» **DIRECTIONS FOR THIS TASK**
Your answer must be an exact transcription of the data, with every picture omitted.

» **EXERCISE DATA**
□ □ □ □ □

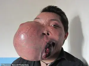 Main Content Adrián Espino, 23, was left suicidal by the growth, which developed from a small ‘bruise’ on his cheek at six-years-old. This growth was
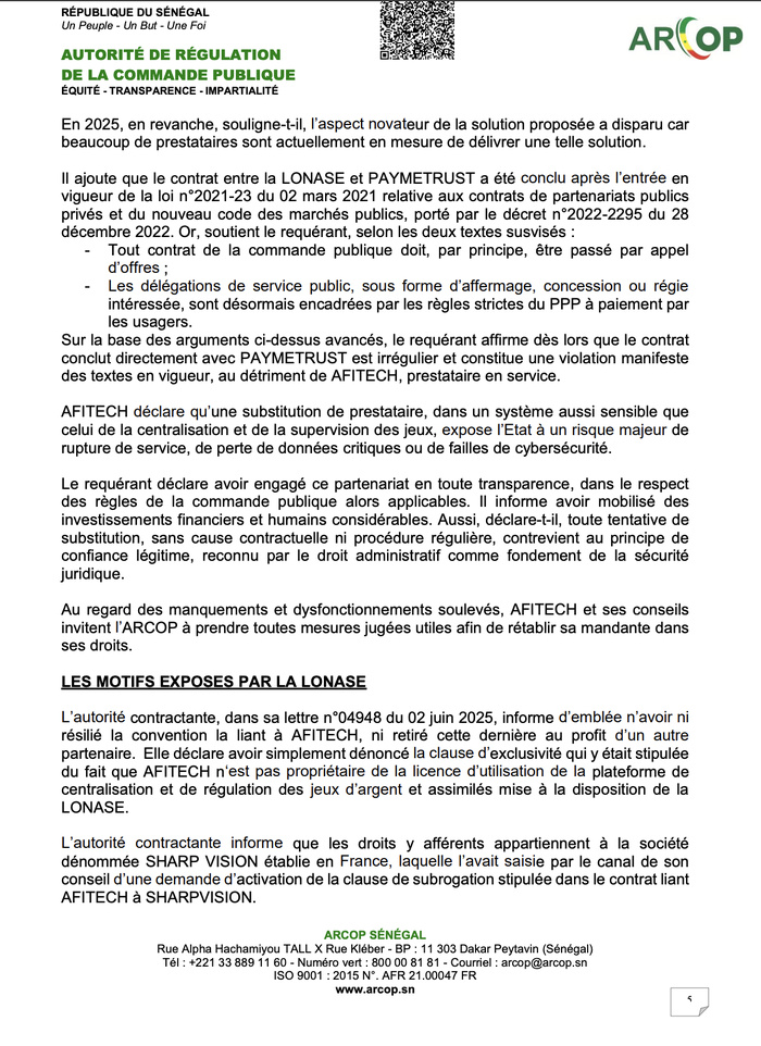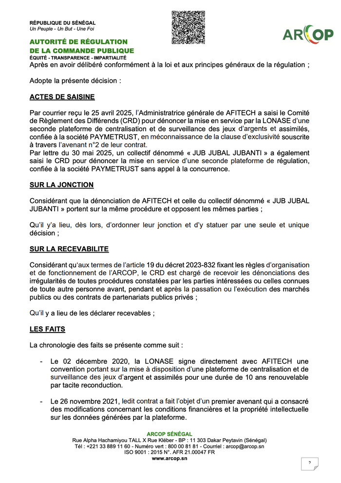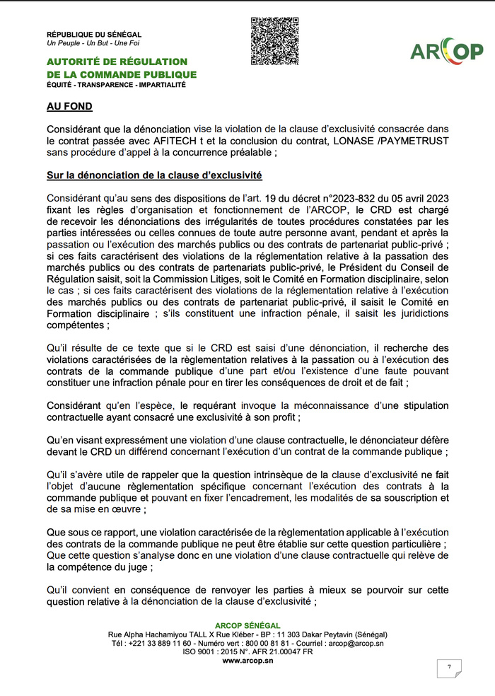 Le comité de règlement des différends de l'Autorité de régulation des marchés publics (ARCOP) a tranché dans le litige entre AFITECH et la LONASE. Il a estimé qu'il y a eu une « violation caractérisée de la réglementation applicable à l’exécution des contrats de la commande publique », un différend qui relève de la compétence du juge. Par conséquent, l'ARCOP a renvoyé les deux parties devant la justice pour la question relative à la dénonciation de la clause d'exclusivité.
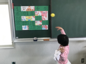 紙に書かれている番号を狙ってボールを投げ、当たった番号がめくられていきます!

□ □ □ □ □

» **SOLUTION BELOW**
 Main Content Adrián Espino, 23, was left suicidal by the growth, which developed from a small ‘bruise’ on his cheek at six-years-old. This growth was
 Le comité de règlement des différends de l'Autorité de régulation des marchés publics (ARCOP) a tranché dans le litige entre AFITECH et la LONASE. Il a estimé qu'il y a eu une « violation caractérisée de la réglementation applicable à l’exécution des contrats de la commande publique », un différend qui relève de la compétence du juge. Par conséquent, l'ARCOP a renvoyé les deux parties devant la justice pour la question relative à la dénonciation de la clause d'exclusivité.
 紙に書かれている番号を狙ってボールを投げ、当たった番号がめくられていきます!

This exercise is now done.